There has been a lack of innovation in the space for decades. Old-fashioned technologies such as floor-based leak detectors are still common in many facilities. These sensors are basically just two wires in a container placed on the floor. If water touches the sensor, the system detects the short circuit and triggers an alert.
However, they provide very limited, after-the-fact alerts and cannot prevent damage. And they are only geared to detecting water spills and aren’t capable of helping reduce ongoing consumption.
Effectively protecting a facility requires a very large number of sensors. That is costly and time consuming. And you’ll need to guess where water would leak and flow, which is difficult to do.
Leak sensors are also prone to false alerts. A drop of water will set a sensor off just like a massive leak. These false alerts erode confidence in the system. Finally, leak sensors are merely reactive and don’t activate until after they have touched water. By the time an alert is sent, significant damage will have already occurred.
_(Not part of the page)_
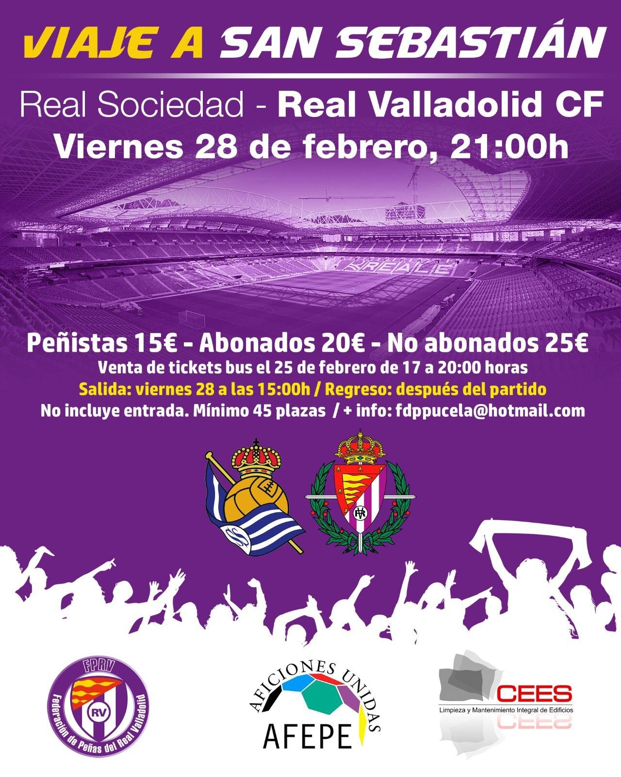 Se acerca el tramo crucial de la temporada y el Real Valladolid no luchará solo. Para apoyar a los de Sergio González, la Federación de Peñas del Real Valladolid organiza un viaje a Anoeta con motivo del encuentro ante la Real Sociedad, que se disputará el viernes, 28 de febrero, a las 21:00 horas.

But a new generation of AI- and machine learning-based tools is emerging that helps reduce water-damage risks to a fraction of their current level. Innovations in IoT and AI are giving contractors, developers and facility owners the power to proactively mitigate water damage with huge efficiency.
These new systems can learn normal water usage patterns, alerting staff when an anomaly is detected. The systems can automatically shut off water supplies at the impacted location to prevent or minimize damage. The leading solutions can communicate over the cellular network and are powered by battery, so they can be deployed even before the internet and electrical infrastructure has been installed, and can continue to operate in case of outages or service interruptions.
A noted casino and resort recently incorporated a leak detection technology solution as part of its ongoing commitment to green initiatives, which also includes energy-efficient HVAC and lighting systems, as well as electric vehicle charging stations.
Before the system was installed, the resort used more than 6.5 million gallons a month. That amount was reduced by approximately 30 percent within a few months, returning the investment within a few months.
Another recent success story involves a global construction company that has deployed an AI-based solution at more than 40 of its projects.
Since the installation, the company has experienced six leak incidents, which would have likely caused significant water damage. In all cases, the system shut off the water supply and issued alerts. Incidents that could have led to thousands of dollars of damage and delays were addressed automatically, with no damage reported. The company now mandates the solution on all its construction projects as corporate policy.
While technology is a critical element in reducing waste and risk, leaders in our industry must start to take water damage and waste with due seriousness. A plan to mitigate water damage or loss should be put in place at the start of a project and buildings at risk should be retrofitted with protections.
Recognizing the risk and preparing for it will pay off for the environment, for the success of construction projects, and for the integrity of operational buildings.
Yaron Dycian is chief product and strategy officer for WINT, a company that produces artificial intelligence-powered leak detection and water conservation devices.